Facing Facts on the PRC’s Environmental Realities and How the U.S. Can Lead in Energy Dominance and Environmental Progress
In one of his first actions as president, Joe Biden signed an executive order suspending new oil and gas leases on federal lands and reviewing existing operations. The alleged purpose was to restore balance to public lands operations and ensure the United States met its climate and clean energy goals. Nearly four years later, President Trump’s day-one executive order halted new renewable energy leasing on federal lands and waters to review “the questions in fact, law, and policy they raise.”
The subjective and unilateral decision by the Biden administration and the seemingly retaliatory move by the Trump administration symbolize the fundamental problems with U.S. energy policy. Resource and technology biases, policy favoritism, and regulatory pendulums that swing with party changes in the administration create uncertainty and distort well-functioning energy markets.
Despite these policy warts, American companies are global leaders in energy production and world-class innovators. Although the order of importance may differ, policymakers across the political spectrum have shared goals: Increasing energy reliability and security, making environmental progress, and out-competing China. Policymakers must be realistic about China on multiple fronts. China is no green energy darling. The country produces and consumes massive amounts of fossil fuels, particularly coal, without adequately deploying pollution control technologies. The country has a terrible environmental record and is by far the world’s largest carbon dioxide emitter.4 At the same time, China has strategically positioned itself to dominate clean energy markets by whatever means possible. Whether in solar photovoltaics, critical minerals processing, or nuclear energy, China has aggressively built out clean energy capabilities and is expanding investments worldwide. The PRC has also done a brilliant job at public relations, notably through its presence at the
annual COP meeting, positioning itself as the planet’s green savior.
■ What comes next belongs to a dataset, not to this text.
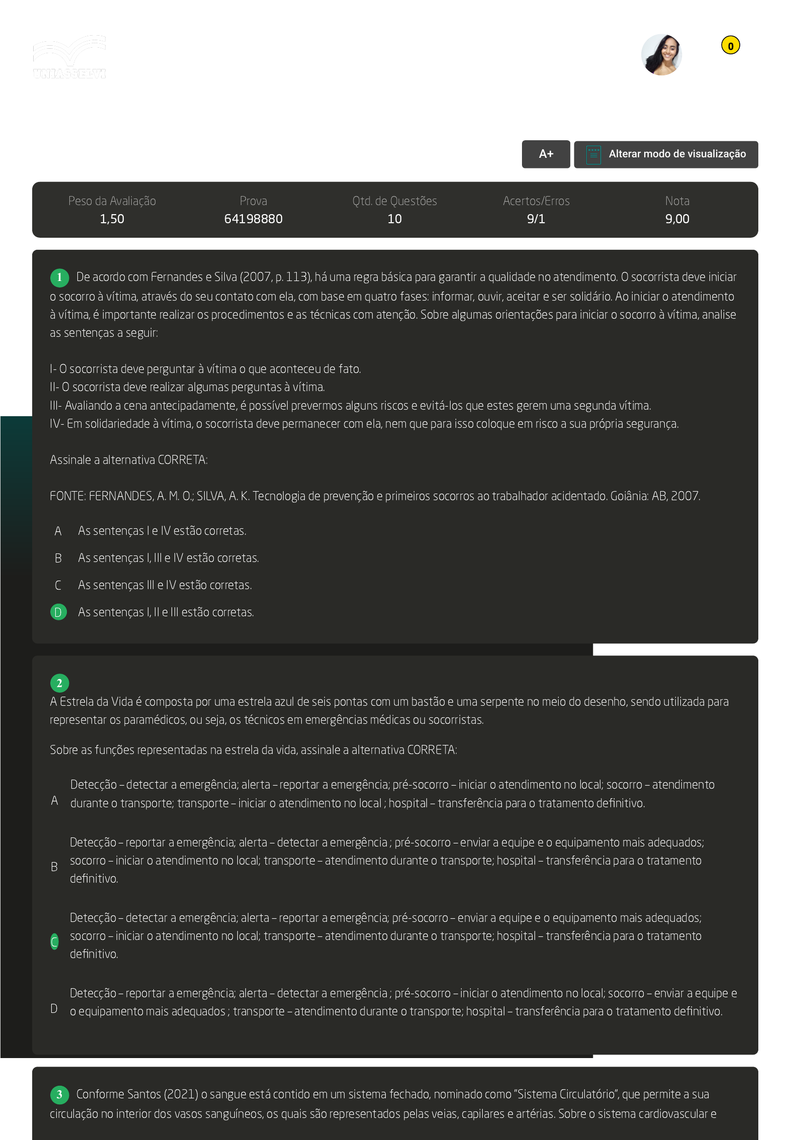 30/08/2023, 19:49 AVA https://ava2.uniasselvi.com.br/subject/grades-and-tests/answer-book/eyJ0ZXN0Ijp7InRlc3RDb2RlIjoiODIyMzUwIiwiZGVzY3JpcHRpb24iOiJBdmFsaWHDp8OjbyBJSSAtIEluZGl2aWR1YWwiLCJwYXJhbWV0ZXIiOjU0… 1/5 GABARITO | Avaliação II - Individual (Cod.:822350) Peso da Avaliação 1,50 Prova 64198880 Qtd. de Questões 10 Acertos/Erros 9/1 Nota 9,00 De acordo com Fernandes e Silva (2007, p. 113), há uma regra básica para garantir a qualidade no atendimento. O socorrista deve iniciar o socorro à vítima, através do seu contato com ela, com base em quatro fases: informar, ouvir, aceitar e ser solidário. Ao iniciar o atendimento à vítima, é importante realizar os procedimentos e as técnicas com atenção. Sobre algumas orientações para iniciar o socorro à vítima, analise as sentenças a seguir: I- O socorrista deve perguntar à vítima o que aconteceu de fato. II- O socorrista deve realizar algumas perguntas à vítima. III- Avaliando a cena antecipadamente, é possível prevermos alguns riscos e evitá-los que estes gerem uma segunda vítima. IV- Em solidariedade à vítima, o socorrista deve permanecer com ela, nem que para isso coloque em risco a sua própria segurança. Assinale a alternativa CORRETA: FONTE: FERNANDES, A. M. O.; SILVA, A. K. Tecnologia de prevenção e primeiros socorros ao trabalhador acidentado. Goiânia: AB, 2007. A As sentenças I e IV estão corretas. B As sentenças I, III e IV estão corretas. C As sentenças III e IV estão corretas. D As sentenças I, II e III estão corretas. A Estrela da Vida é composta por uma estrela azul de seis pontas com um bastão e uma serpente no meio do desenho, sendo utilizada para representar os paramédicos, ou seja, os técnicos em emergências médicas ou socorristas. Sobre as funções representadas na estrela da vida, assinale a alternativa CORRETA: A Detecção – detectar a emergência; alerta – reportar a emergência; pré-socorro – iniciar o atendimento no local; socorro – atendimento durante o transporte; transporte – iniciar o atendimento no local ; hospital – transferência para o tratamento definitivo. B Detecção – reportar a emergência; alerta – detectar a emergência ; pré-socorro – enviar a equipe e o equipamento mais adequados; socorro – iniciar o atendimento no local; transporte – atendimento durante o transporte; hospital – transferência para o tratamento definitivo. C Detecção – detectar a emergência; alerta – reportar a emergência; pré-socorro – enviar a equipe e o equipamento mais adequados; socorro – iniciar o atendimento no local; transporte – atendimento durante o transporte; hospital – transferência para o tratamento definitivo. D Detecção – reportar a emergência; alerta – detectar a emergência ; pré-socorro – iniciar o atendimento no local; socorro – enviar a equipe e o equipamento mais adequados ; transporte – atendimento durante o transporte; hospital – transferência para o tratamento definitivo. Conforme Santos (2021) o sangue está contido em um sistema fechado, nominado como "Sistema Circulatório", que permite a sua circulação no interior dos vasos sanguíneos, os quais são representados pelas veias, capilares e artérias. Sobre o sistema cardiovascular e VOLTAR A+ Alterar modo de visualização 1 2 3 Tairini Silva de Souza Nutrição (1865629) 0 30/08/2023, 19:49 AVA https://ava2.uniasselvi.com.br/subject/grades-and-tests/answer-book/eyJ0ZXN0Ijp7InRlc3RDb2RlIjoiODIyMzUwIiwiZGVzY3JpcHRpb24iOiJBdmFsaWHDp8OjbyBJSSAtIEluZGl2aWR1YWwiLCJwYXJhbWV0ZXIiOjU0… 2/5 sanguíneo, classifique V para as sentenças verdadeiras e F para as falsas: ( ) O coração é o órgão central do sistema cardiovascular, responsável pelo bombeamento de todo o sangue pelo corpo. ( ) O sistema circulatório, tem função de transporte de gases, nutrientes, produtos metabólicos e hormônios para todo o corpo. ( ) O sangue é um tecido conjuntivo viscoso e denso com uma temperatura aproximada de 38 ºC. ( ) O sangue, está constituído por uma parte líquida denominada plasma (55%) e uma parte celular, os elementos figurados (45%). Assinale a alternativa que apresenta a sequência CORRETA: A V - F - F - V. B V - V - V - V. C F - F - V - V. D V - F - V - F. Quando você chegar no local onde aconteceu o acidente, deve-se tomar o controle para ter o maior número de informações disponíveis. Após a verificação rápida da situação, algumas medidas devem ser tomadas. Sobre a avaliação do local de ocorrência, assinale a alternativa CORRETA: A O atendimento ao acidentado deve ser devagar, e a verificação se existem perigos adicionais não precisa ser analisada. B Para ter o controle da situação, deve-se falar em alto tom e dar ordens, deixando o acidentado nervoso. C Garantir a sua segurança enquanto socorrista, o próximo passo será fazer uma breve avaliação rápida, pontual e objetiva, a fim de determinar qual é a real situação ou grau do dano. D A ajuda de outras pessoas capacitadas pode atrapalhar o andamento da prestação dos primeiros socorros. Os equipamentos de proteção individual (EPIs) são dispositivos utilizados pelos profissionais contra possíveis riscos que ameaçam a sua saúde ou segurança durante o exercício de sua atividade laboral. De acordo com a NR-6, da Portaria nº 3214 de 08 de junho de 1978, do Ministério do Trabalho e Emprego, considera-se Equipamento de Proteção Individual - EPI: "todo dispositivo ou produto de uso individual destinado a proteger a saúde e a integridade física do trabalhador". Todas as precauções devem ser tomadas durante os exames e manipulação da vítima, a fim de evitar a contaminação do socorrista por possíveis agentes infecciosos, por produtos químicos (tóxicos, corrosivos, radioativos) presentes na superfície do corpo do acidentado, por seu sangue e/ou suas secreções. Com relação aos EPIs, analise as afirmativas a seguir: I- Tem por objetivo a proteção da

Increasing energy affordability and security, empowering American-led innovation, and outperforming China require durable policy reforms. These reforms should open markets, reduce barriers to technological progress, modernize regulations, and support private and public innovation pipelines. Unleashing the private sector to meet our energy needs and environmental ambitions will maintain and expand America’s economic and geopolitical leverage as an energy-dominant country.